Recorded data
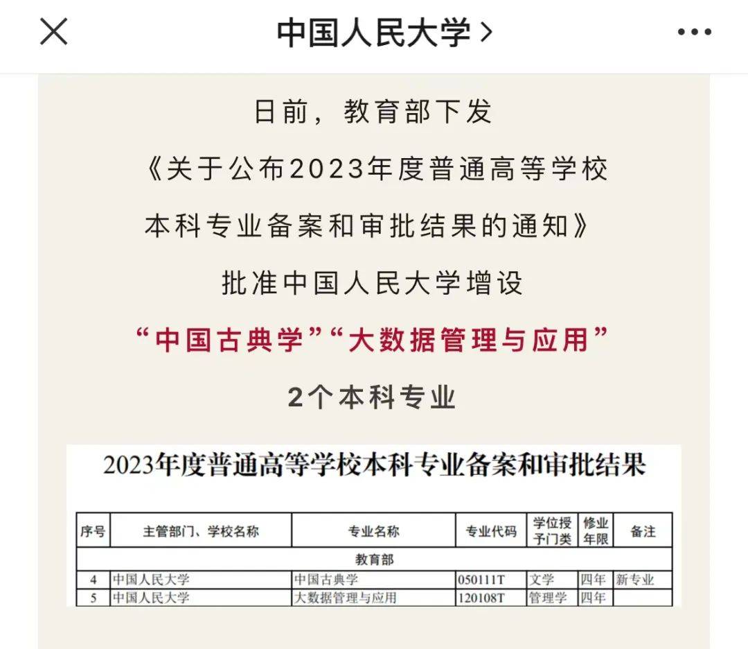 近日,教育部公布了2023年度普通高等学校本科专业备案和审批结果,并发布2024年普通高等学校本科专业目录。
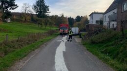 Durch einen technischen Defekt an einem Fahrzeug liefen Betriebsmitteln auf die Fahrbahn aus. Die Verunreinigung zog sich von der Straße Pferdekamp in Richtung Blomenstein. Die Einsatzkräfte der Feuerwehr streuten die ausgelaufenen Betriebsmittel mit Bindemittel ab, fegten das ganze ein und nahm anschließend das kontaminierte Bindemittel zur fachgerechten Entsorgung wieder auf.
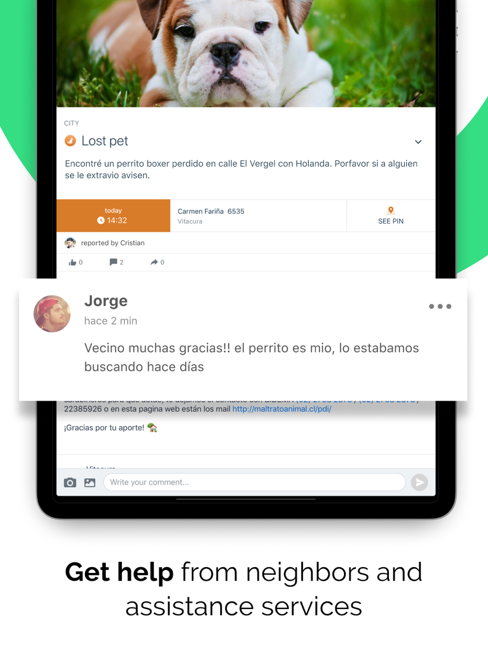 • Find out in real time what happens in your neighborhood and city.
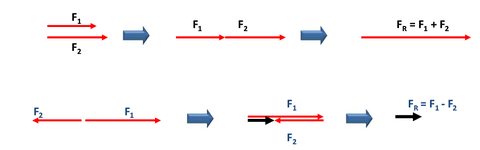 Cuando en un cuerpo actúa mas de una fuerza, éstas se pueden sumar.El resultado se denomina "fuerza neta" o "fuerza resultante" (Fr)Dos fuerzas o mas se dirigen en un mismo sentido, se suman, si se dirigen en sentido diferente se restan.
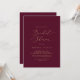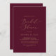 Cette délicate calligraphie or burgundy invitation à la douche nuptiale est parfaite pour un wedding shower moderne. Le design minimaliste romantique présente une belle et élégante typographie de champagne jaune doré sur un arrière - plan rouge bordeaux à l'allure simple et épurée.
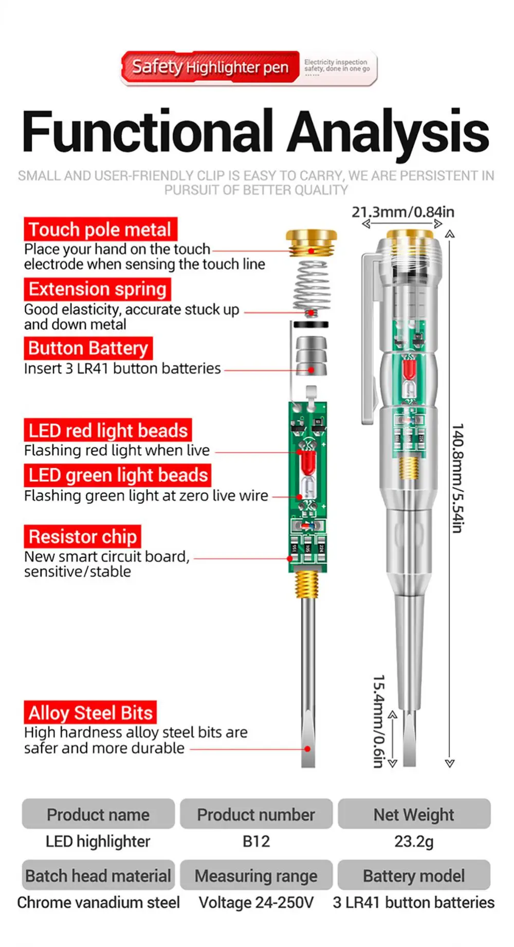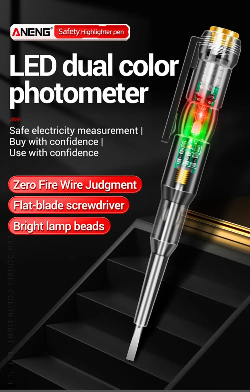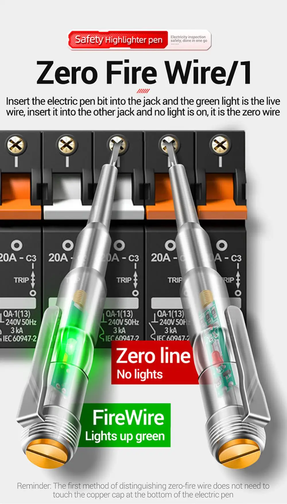 1. Обнаружение нейтральной линии/живой линии: светодиодный красный светильник и зеленый светильник показывают живую линию, зеленый светильник-нейтральную линию

■ PROMPT
Quote the data above in full and without alteration; skip the pictures.

■ WRITTEN RESPONSE
 近日,教育部公布了2023年度普通高等学校本科专业备案和审批结果,并发布2024年普通高等学校本科专业目录。
 Durch einen technischen Defekt an einem Fahrzeug liefen Betriebsmitteln auf die Fahrbahn aus. Die Verunreinigung zog sich von der Straße Pferdekamp in Richtung Blomenstein. Die Einsatzkräfte der Feuerwehr streuten die ausgelaufenen Betriebsmittel mit Bindemittel ab, fegten das ganze ein und nahm anschließend das kontaminierte Bindemittel zur fachgerechten Entsorgung wieder auf.
 • Find out in real time what happens in your neighborhood and city.
 Cuando en un cuerpo actúa mas de una fuerza, éstas se pueden sumar.El resultado se denomina "fuerza neta" o "fuerza resultante" (Fr)Dos fuerzas o mas se dirigen en un mismo sentido, se suman, si se dirigen en sentido diferente se restan.
 Cette délicate calligraphie or burgundy invitation à la douche nuptiale est parfaite pour un wedding shower moderne. Le design minimaliste romantique présente une belle et élégante typographie de champagne jaune doré sur un arrière - plan rouge bordeaux à l'allure simple et épurée.
 1. Обнаружение нейтральной линии/живой линии: светодиодный красный светильник и зеленый светильник показывают живую линию, зеленый светильник-нейтральную линию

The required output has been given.